McDonald's mother had always wanted a college education but was never able to afford it for herself. She often took classes at night and told her daughter that education was something that could never be taken away. When McDonald was eight, she and her mother moved to a high-rise apartment in predominantly white Riverdale, New York. But there, McDonald endured racial slurs and often felt rejected and inferior. Finally, she ran away with a girlfriend, but she was found by a policeman and returned to her mother, who then sent her back to St. Paul to spend time with her grandparents.

In St. Paul, McDonald attended an all-black Catholic school and enjoyed her grandparents' all-black neighborhood. "I stayed there for over a year and had a solid group of friends," she says. "When my mother remarried, I returned to New York. My brother also came to live with us. It was a big adjustment for me. We lived in a very bad neighborhood where I saw people selling drugs regularly. My school was a tough place, much like the blackboard jungle. I remember once coming out for a fire drill and seeing a chalk outline of a dead person. Crime was all around us, and everyone seemed to accept that. It was a scary time for me, and more than once I ran all the way home."
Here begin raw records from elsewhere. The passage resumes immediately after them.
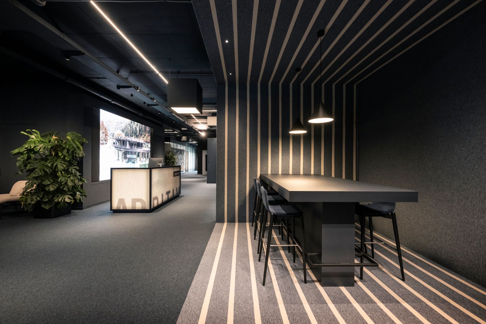 Similarly, numerous screens distributed throughout the office provide a continuous flow of updated information about Additive, accessible to all employees. Numerous potted plants add warmth and well-being to the atmosphere.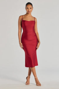 Show off your stunning curves in this sleek midi dress designed with smooth and stretchy knit fabric. It features a sleeveless pleated cowl neckline, spaghetti straps, ruched side and back seams to flaunt your figure, and a midi-length mermaid silhouette.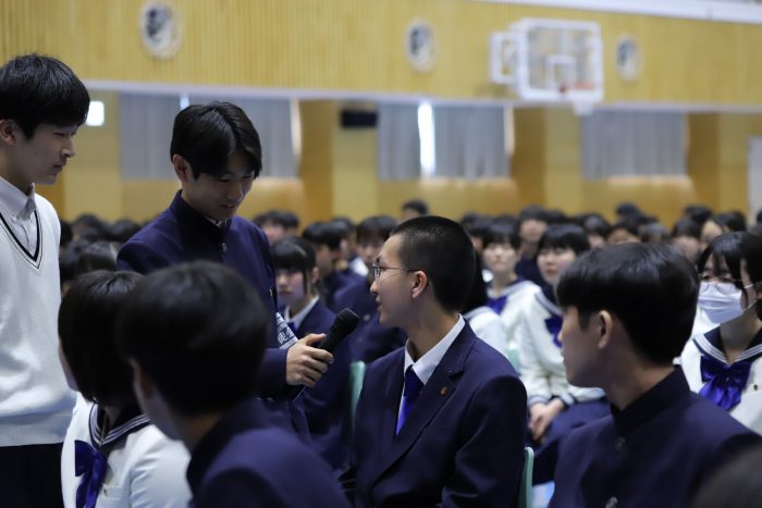 発表の合間には1年生へのインタビューも行われ、 感想や興味を持ったクラブについての声が紹介されるなど、会場全体でクラブ紹介を楽しむ様子が見られました。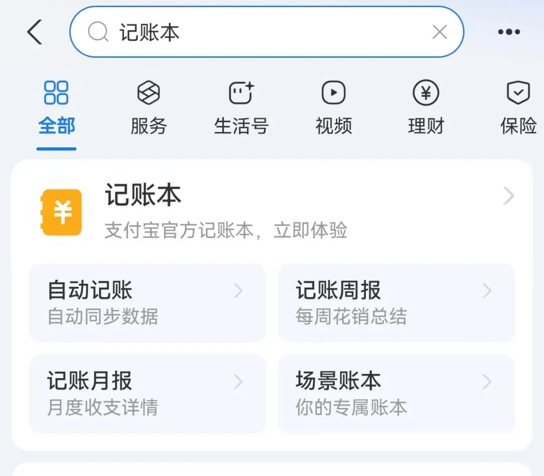 支付宝作为深入人心的支付软件,几乎人人都有,可以直接在搜索框搜索记账本
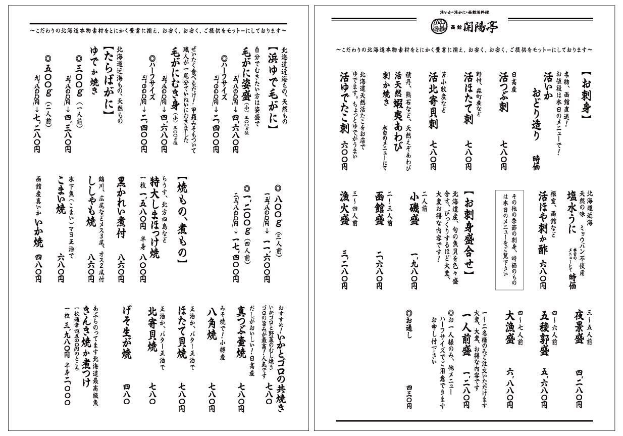 はじめまして、「函館 開陽亭 すすきの」と申します。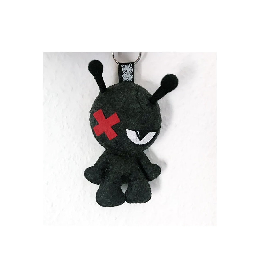 Voodoo Moodoo Black and Red Keychain with antennas (pins) on the head.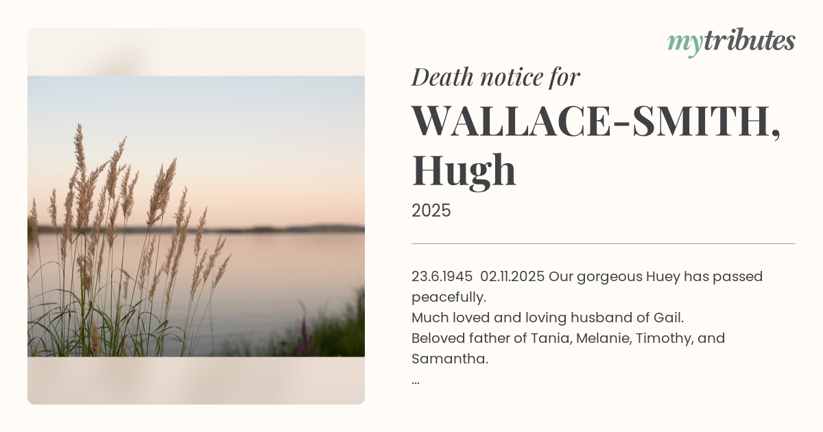 19°C23.6.1945 – 02.11.2025 Our gorgeous Huey has passed peacefully. Much loved and loving husband of Gail. Beloved father of Tania, Melanie, Timothy, and Samantha. Adored Papa to Grace, Hunter, Harper and Harry Missing you already and forever Much love, Gail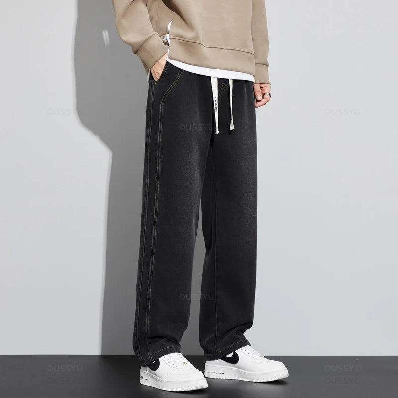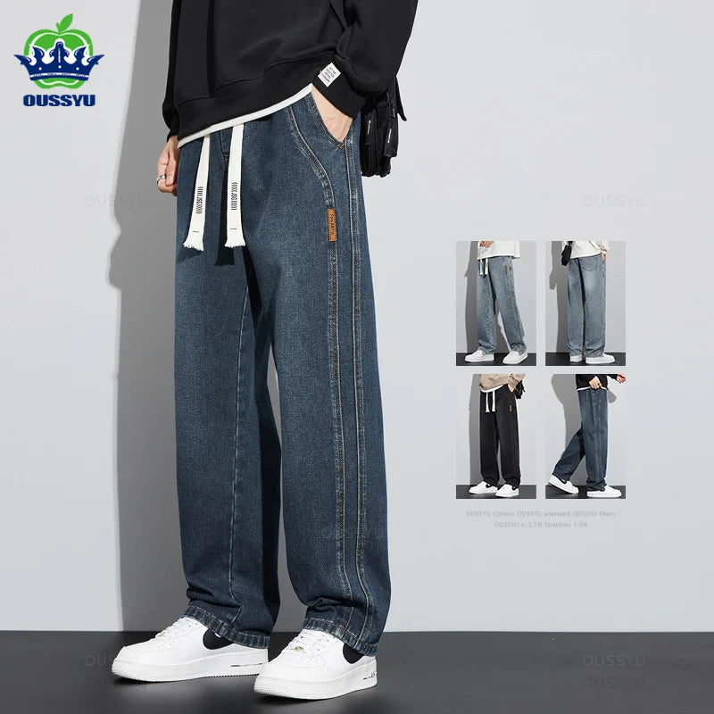 OUSSYU Brand Clothing New Design Cotton Jeans Men Baggy Elastic Waist Cargo Denim Pants Work Wide Leg Korean Trousers Male 4XL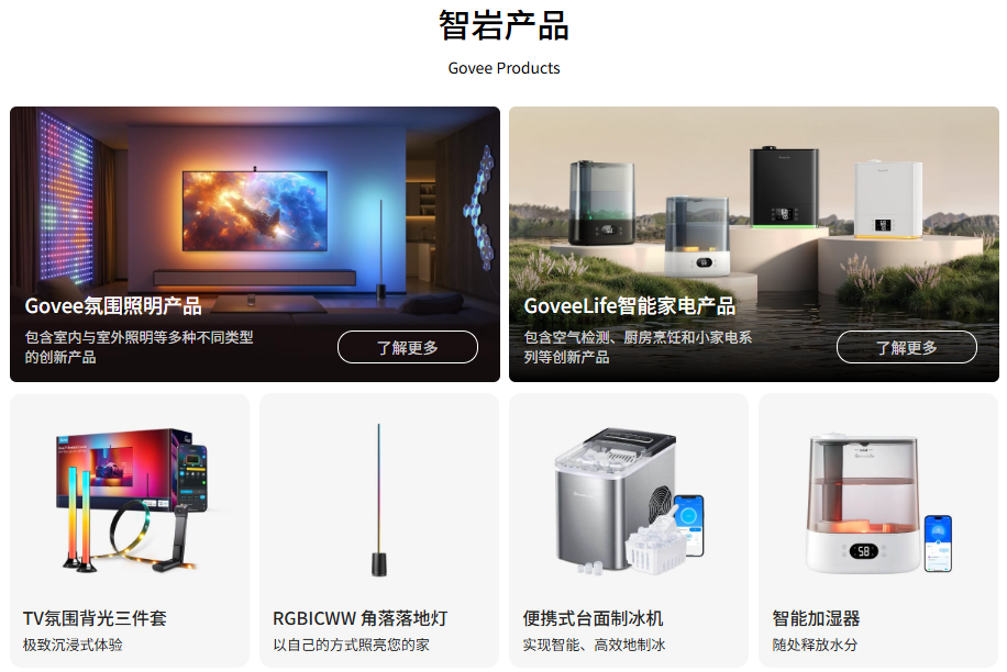官网显示,智岩科技成立于2017年,总部位于深圳南山区,CEO吴文龙为安克创新创始人之一,前安克创新CTO。智岩科技自诞生之初就专注于智能家居领域,尤其是以智能氛围照明为核心的产品研发与场景构建。目前智岩产品涵盖智能氛围照明系列、智能小家电系列,依靠自主研发和卓越的品质,产品畅销全球多个国家和地区,公司旗下智能硬件品牌Govee在全球多个市场占有率长期位于前列。

When she was in high school, the family moved to Teaneck, New Jersey. Tall and athletic, McDonald played field hockey and was president of the girls' leadership club. Her yearbook states that she was one of the "nicest" and "most liked girls" in her class.

McDonald attended Boston University, where she worked in the school kitchen. She joined an all-black sorority and was president of her pledge class. In the summer, she worked with a telephone company in New York. After three semesters, she transferred to Hunter College, where tuition was cheaper than in Boston, but the classes were more demanding. McDonald worked hard toward her history major and was admitted to the honor society.

When McDonald attended a conference at Washington's Howard University marking the 100th anniversary of the Emancipation Proclamation, she was immediately inspired to join the civil rights movement, and enrolled at Howard's law school, working as a research assistant in addition to studying. In her second year, the Ford Foundation awarded her a scholarship. McDonald went on to become secretary of the student bar association and associate editor of the law journal. She graduated cum laude and first in her class.

McDonald began her career as a civil rights lawyer for the National Association for the Advancement of Colored People in New York. In 1969, she set up in practice in Houston with her then-husband, Mark McDonald, specializing in job discrimination cases against major companies and labor unions.

In 1979, at the age of 37, President Jimmy Carter named her a federal district judge for the Southern District of Texas. She was the first African American to be appointed to the federal bench in Texas and only the third black woman to be appointed as a federal district judge in U.S. history. During her tenure, which lasted until 1988, McDonald oversaw many high-profile cases, including one in which she ruled against the Ku Klux Klan despite death threats against her.

In 1993, the United Nations General Assembly chose her as 1 of 11 judges to sit on the newly created International Criminal Tribunal for the former Yugoslavia. She went on to become the tribunal's president from 1993 to 1997. Later, she served as special counsel for human rights to the chairman of the board of Freeport-McMoRan Copper & Gold, Inc. She also became a judge with the Iran-U.S. Claims Tribunal, which was set up to resolve claims resulting from the hostage crisis.

Former Secretary of State Madeleine Albright said of McDonald, "She was one of the pioneer civil rights litigators in our country. She went on to become a pioneer justice for international war crimes law."

Those words touched McDonald deeply. "We're here for a reason. We have to do something for each other and ourselves," she says. "I think success is about making a contribution, making a difference."